Matt's Weekend Picks: May 20-22
Jared Padalecki and Jensen Ackles
Supernatural (Friday, 8/7c, The CW)
The good news is that fans don't have to sweat this cult show's future. It has been picked up for a seventh season. The bad news: Sam's life becomes a living (and possibly literal) hell in the second of two back-to-back episodes constituting the season finale. Series creator Eric Kripke wrote the final hour, during which the wall in Sam's head cloaking his bad memories finally collapses, and the poor boy is none the better for the experience.
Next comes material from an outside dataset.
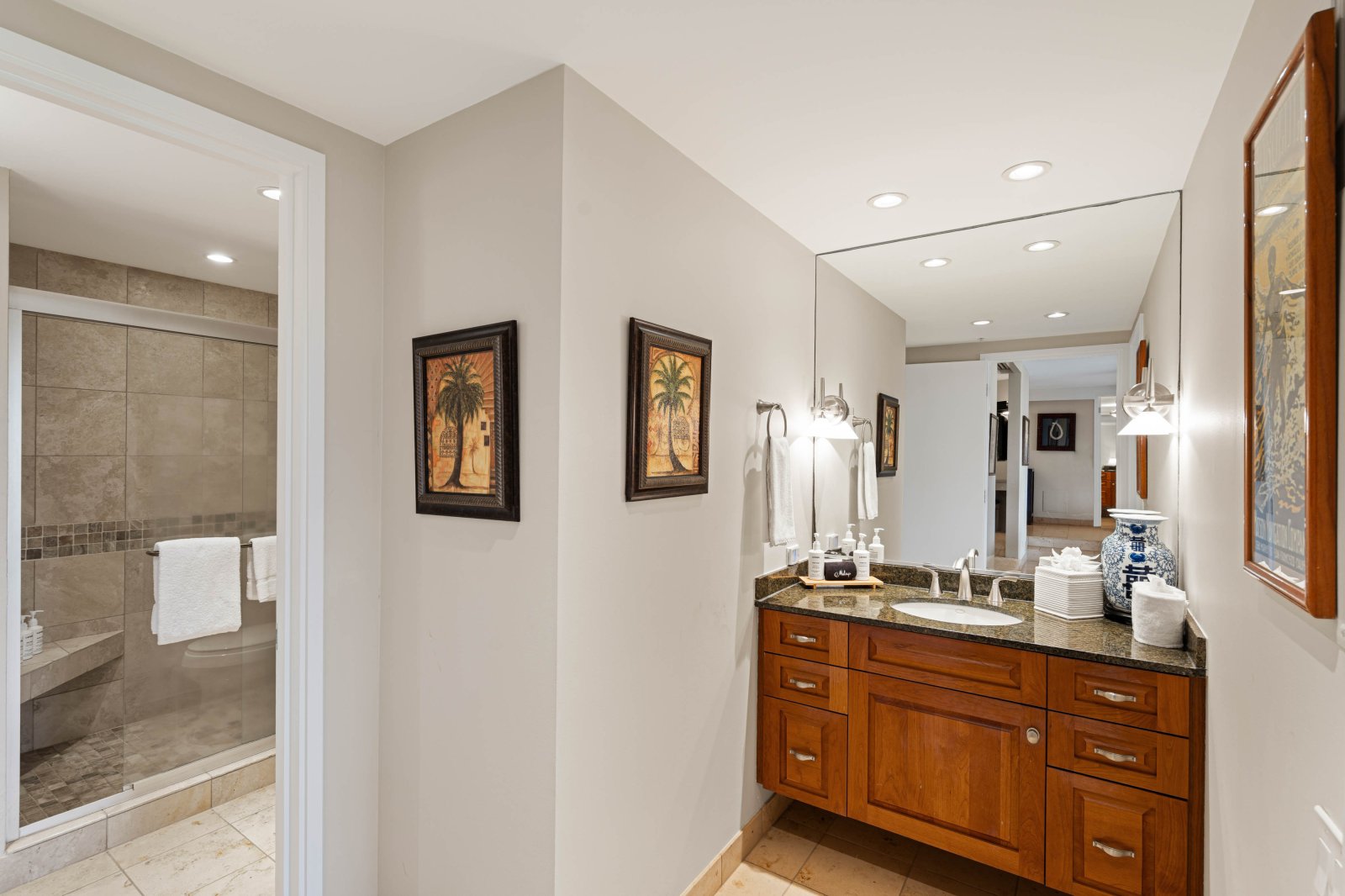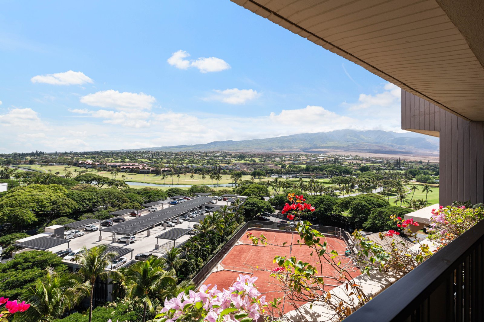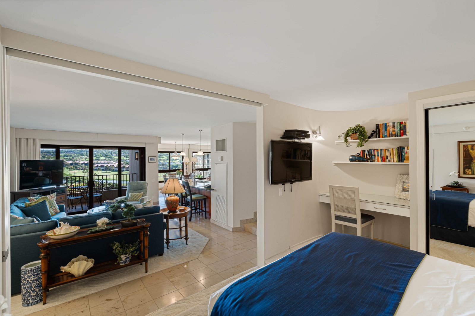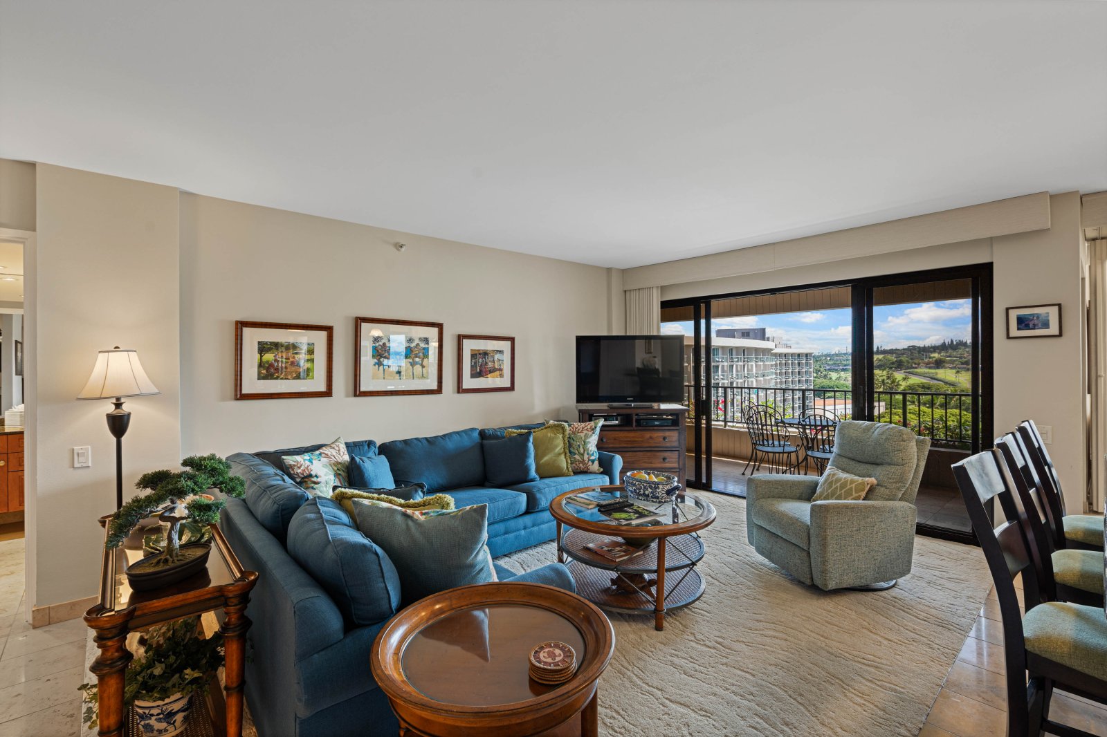 The private lanai is an inviting extension of the living space, furnished with lounge seating and a dining table. Surrounded by mountain and garden views with a glimpse of the ocean, it is an ideal setting for morning coffee, afternoon relaxation, or sunset evenings. Guests enjoy convenient access to the resort’s pools, tennis courts, and barbecue stations.Residence Details

While Dean and Bobby feel helpless as Sam breaks, the battle for heaven reaches a turning point.
Saturday Night Live (Saturday, 11:30/10:30c, NBC)
It's a superstar finish to the late-night hit's season, as Justin Timberlake returns for a fourth gig as host. (Can he and Andy Samberg top their past Digital Short collaborations?) Making her second visit as musical guest: Lady Gaga, who's been everywhere lately, from American Idol to her own HBO concert special. Overexposed? Maybe, but she was born that way.
Billboard Music Awards (Sunday, 8/7c, ABC)
With Community's Ken Jeong hosting — reason enough to tune in — TV's latest back-patting music extravaganza honors Beyonce with the Billboard Millenium Award for career achievement. Top finalists for awards include Rihanna with 18 nominations, Eminem with 16, the aforementioned Lady Gaga with 12, and Bruno Mars and Justin Bieber with 11 each. Among the night's scheduled performers: Cee-Lo Green (taking a night off from The Voice), Nicki Minaj, the ubiquitous Black Eyed Peas, Keith Urban and Lady Antebellum.
Jesse Stone: Innocents Lost (Sunday, 9/8c, CBS)
The network TV-movie is such an endangered species that CBS recently severed ties with the Hallmark Hall of Fame institution. But for now, the network is continuing with the Jesse Stone franchise, with Tom Selleck reprising his role as Robert B. Parker's melancholy small-town police chief — recently deposed and now acting freelance in the seventh installment in the quietly moody series. Cowritten by Selleck, this movie finds Jesse in rogue mode as he uses his network of unsavory connections to look deeper into the fatal overdose of a girl he once counseled. Naturally, he clashes with the town's smarmy new police chief. Let's hope this isn't the last we see of Jesse Stone. He's good, if brooding, company.